Бродский находит в довлатовской прозе "отсутствие претензии", "трезвость взгляда на вещи", "негромкую музыку здравого смысла". И главное: "Этот писатель не устраивает из происходящего с ним драмы... Он замечателен в первую очередь именно отказом от трагической традиции (что есть всегда благородное имя инерции) русской литературы, равно как и от ее утешительного пафоса".
Бродский видит, таким образом, в Довлатове литературного и мировоззренческого союзника, прививающего русской прозе именно те качества, которые он сам прививал русской поэзии.
Сравним приведенные слова с теми, которые им сказаны об американских стихах: "Они живы духом индивидуальной ответственности. Нет ничего более чуждого американской поэзии, чем излюбленные европейские мотивы — мироощущение жертвы с мечущимся в поисках виноватого указующим перстом... Поэзия по определению — искусство весьма индивидуалистическое, и, в каком-то смысле, Америка — логичное для нее пристанище".

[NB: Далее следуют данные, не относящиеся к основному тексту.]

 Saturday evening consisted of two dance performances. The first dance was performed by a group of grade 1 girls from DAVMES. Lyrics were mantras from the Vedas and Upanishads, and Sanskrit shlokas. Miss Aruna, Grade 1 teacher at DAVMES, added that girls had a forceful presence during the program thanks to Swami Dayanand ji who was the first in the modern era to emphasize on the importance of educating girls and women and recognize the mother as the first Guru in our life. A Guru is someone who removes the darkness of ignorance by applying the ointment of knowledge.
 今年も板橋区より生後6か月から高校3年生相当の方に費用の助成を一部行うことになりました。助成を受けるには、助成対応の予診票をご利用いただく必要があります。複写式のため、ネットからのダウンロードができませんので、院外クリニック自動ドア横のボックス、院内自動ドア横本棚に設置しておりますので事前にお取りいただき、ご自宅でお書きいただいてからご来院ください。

Вот оно, поколение штатников, выросшее на "трофейном" кино — американском кино, полученном по репарациям из побежденной Германии. Эти картины повсеместно крутили по Советскому Союзу, изымая титры, снабжая фантастическим обозначением "зарубежный фильм", играя в дурацкую государственную викторину: мы будто не знаем, что показываем американское, а вы будто не знаете, что смотрите. Я моложе Бродского на девять лет, Довлатова на восемь — вроде немного, но разница решающая: ничего этого я уже не застал. А они складывались "Ревущими Сороковыми", которые в советском прокате стали "Судьбой солдата в Америке". Потом — американским джазом.

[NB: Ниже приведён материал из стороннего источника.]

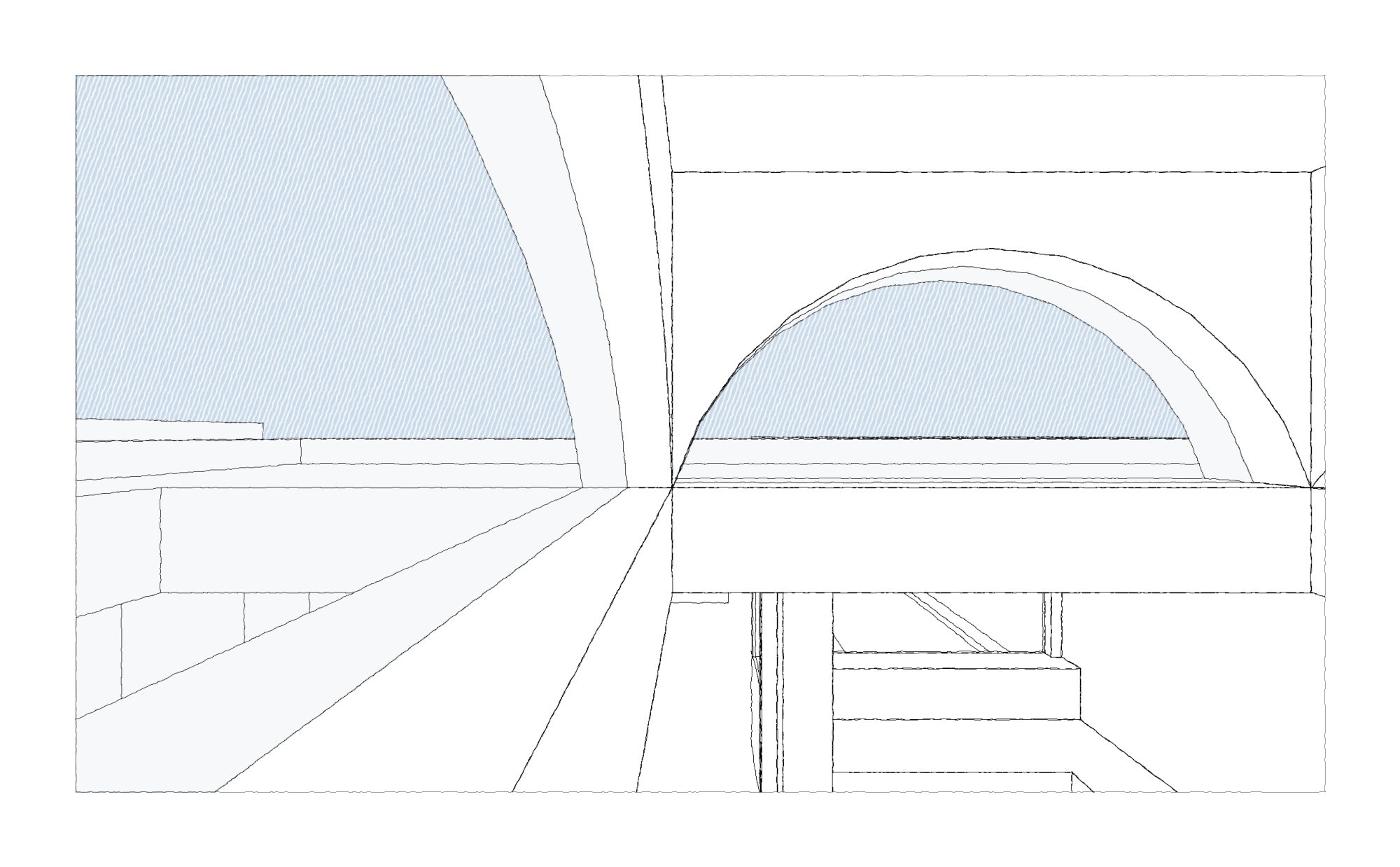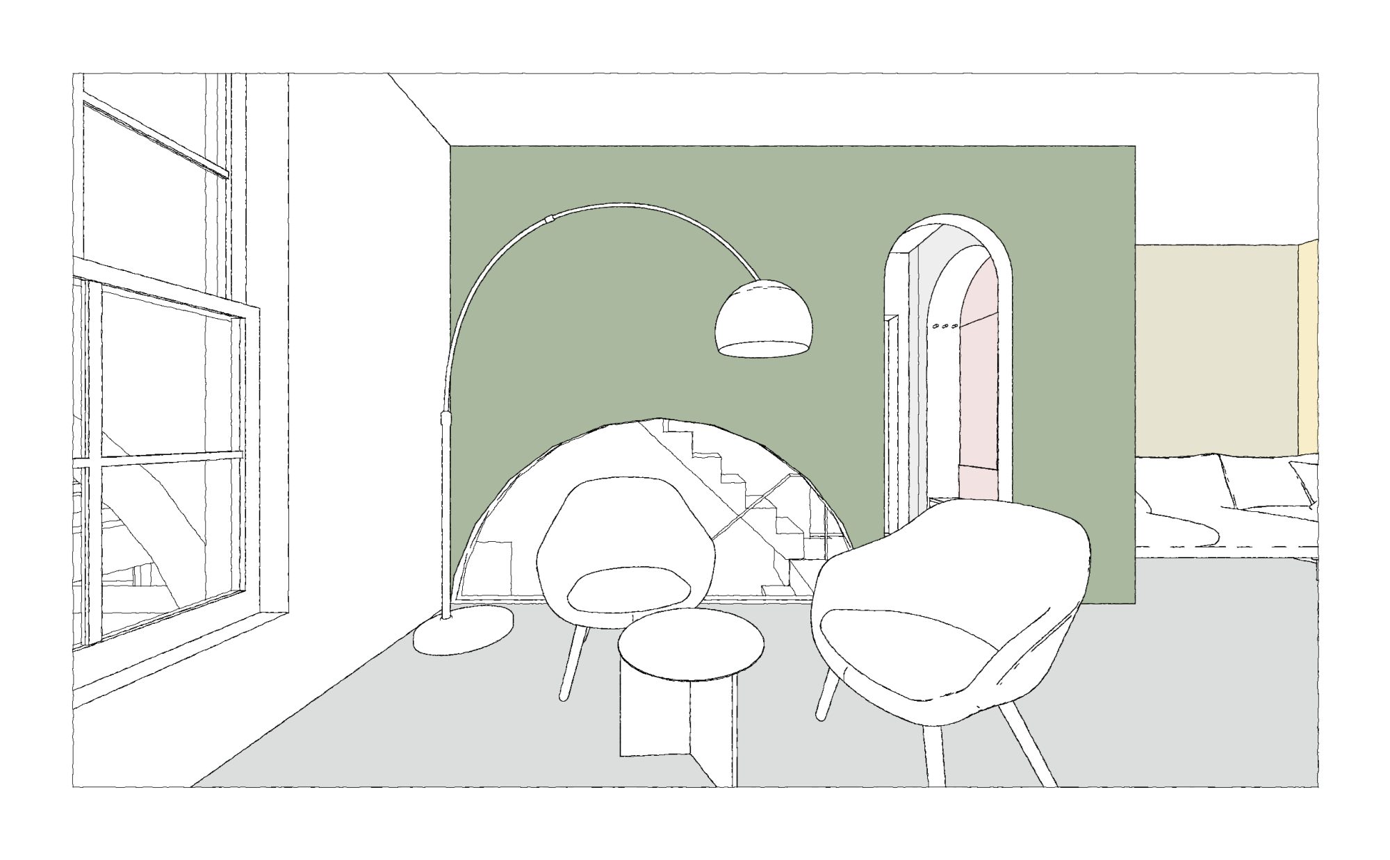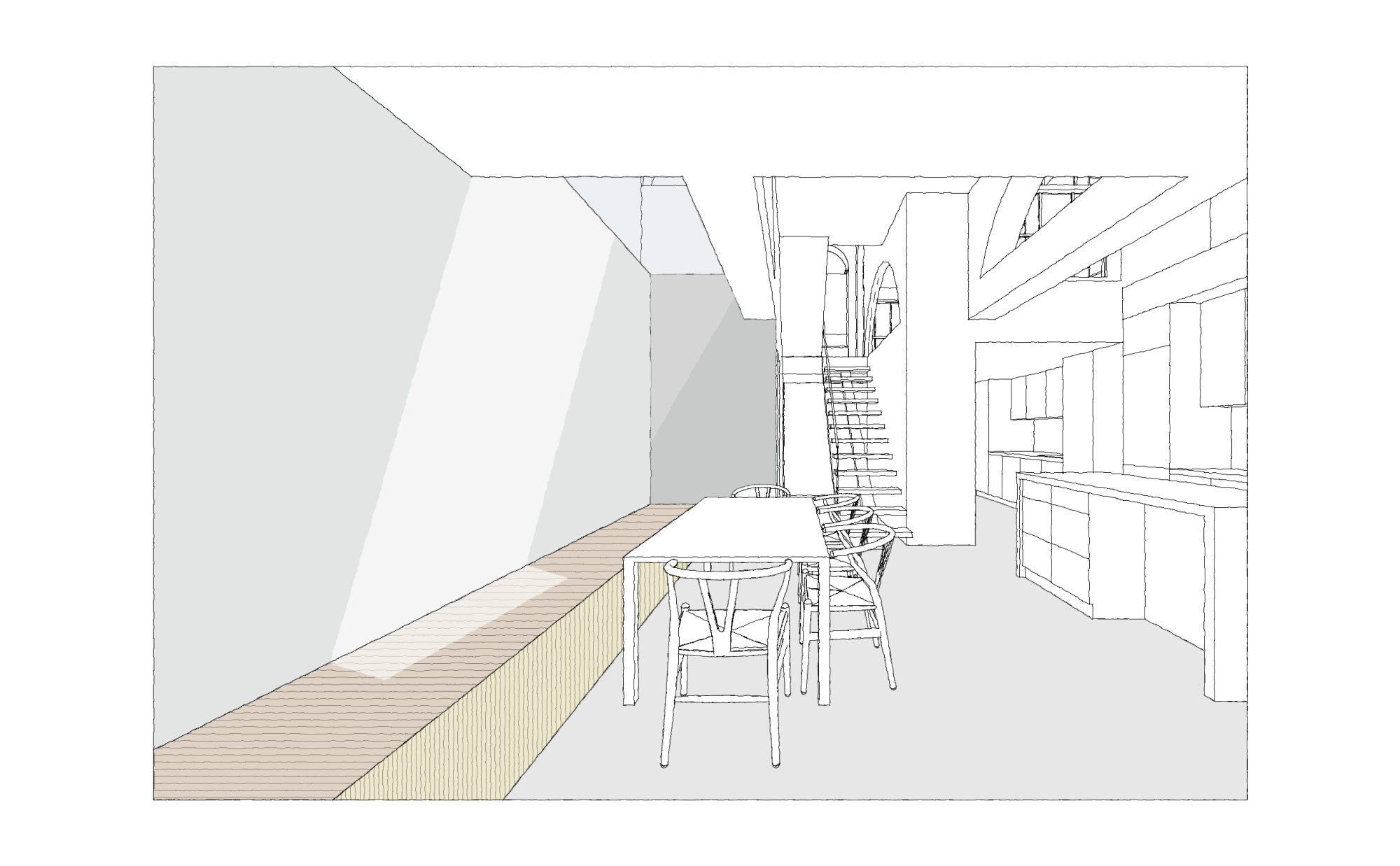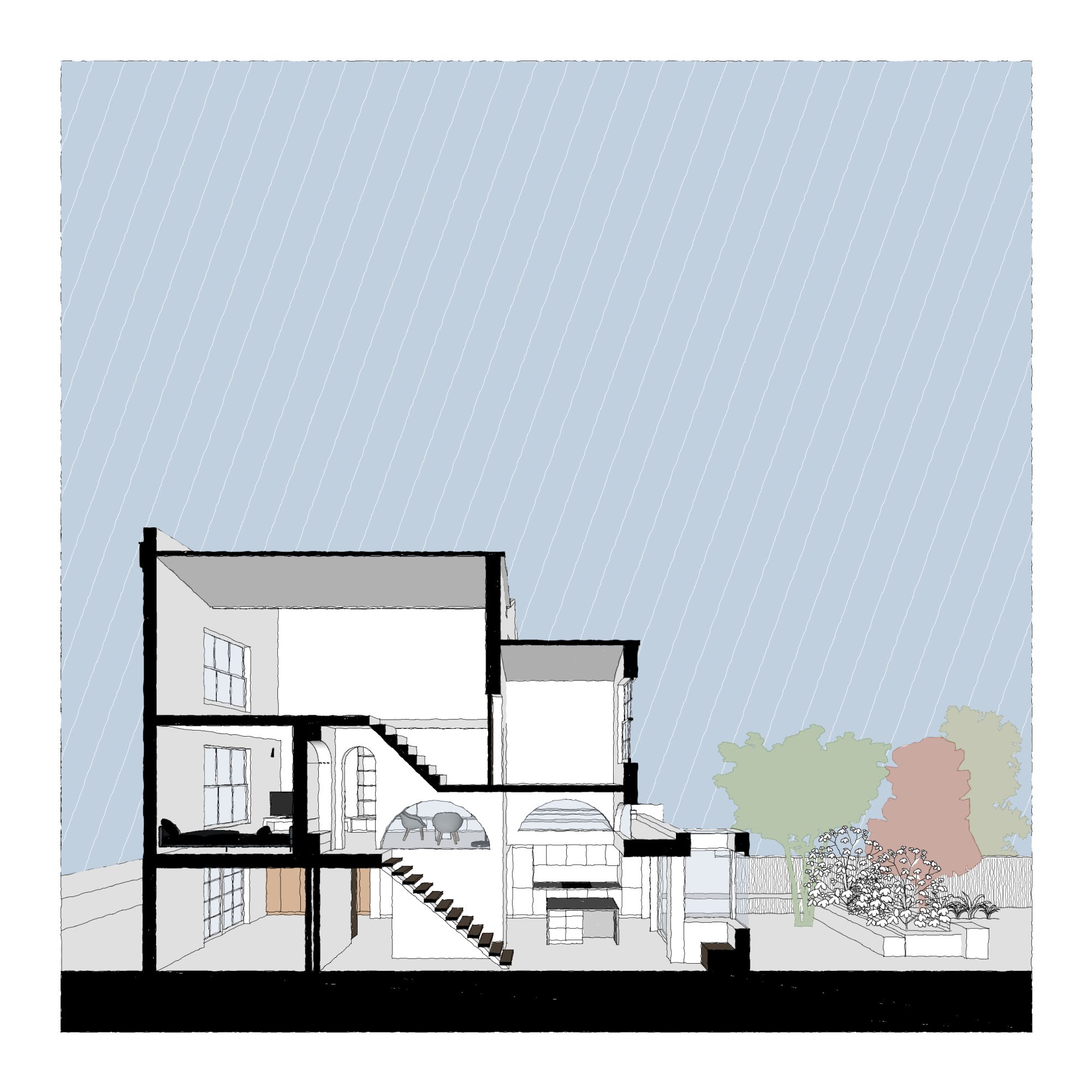 The project connects the upper levels of the house through an open staircase. The facades are punctured by several arched openings bearing on beams creating a repetitive motif of half-moons. These are a mixture of clerestory windows and glazed balustrades which blur the boundaries between internal and external windows. Construction starts early 2025

Бродский пишет о тех, кому в конце концов удалось пересечь океан: "Мы оказались "американцами" в куда большей степени, чем большинство населения США".
Близость у них (при том, что очень тесного общения в Нью-Йорке не было) закладывалась на детском, подростковом уровне — то есть неистребимая. То-то Довлатов стихотворение Бродского читал будто о себе.
Речь в эссе Бродского постоянно и подчеркнуто идет и о младшем товарище, и о замечательном писателе с высочайшей оценкой его литературных заслуг. Оба мотива звучат одновременно: "Для меня он всегда был Сережей. Писателя уменьшительным именем не зовут; писатель — это всегда фамилия, а если он классик — то еще имя и отчество. Лет через десять — двадцать так это и будет..."
Отметим пророчество: в 91-м слава Довлатова только начиналась, оценка его была еще невнятной, многим он казался забавным рассказчиком смешных анекдотов. Бродский ошибся лишь в сроках: и десяти лет не понадобилось, чтобы Довлатов сделался современным русским классиком.
Он, Сергей, словно надекламировал себе судьбу. С поправкой на климат: не замерз в подъезде, а, перебравшись на широту Баку и Ташкента, умер, как пишет Бродский, "в удушливый летний день в машине "скорой помощи" в Бруклине, с хлынувшей горлом кровью и двумя пуэрто-риканскими придурками в качестве санитаров".
В нарочитом снижении интонации — подлинное горе. Сосредоточение на участи умершего. Нельзя, неприлично, оплакивая потерю, оплакивать себя. "Трудно, подчас неловко бороться с ощущением, что пишущий находится по отношению к своему объекту в положении зрителя к сцене и что для него больше значения имеет его собственная реакция (слезы, не аплодисменты), нежели ужас происходящего".
Конечно, "в настоящей трагедии гибнет не герой — гибнет хор" (Нобелевская лекция). Здесь слышен голос Мандельштама, самого, вероятно, объективно близкого Бродскому поэта ("Стихи о Неизвестном солдате": "Миллионы убитых задешево", "Небо крупных оптовых смертей...", "Хорошо умирает пехота..."). Мандельштам словно откликнулся на вызов Сократа, говорившего, что гибнущие одиночки делаются героями драм, но "никогда не было столь отважного и дерзкого трагического поэта, который вывел бы на сцену обреченный на смерть хор" (Элиан).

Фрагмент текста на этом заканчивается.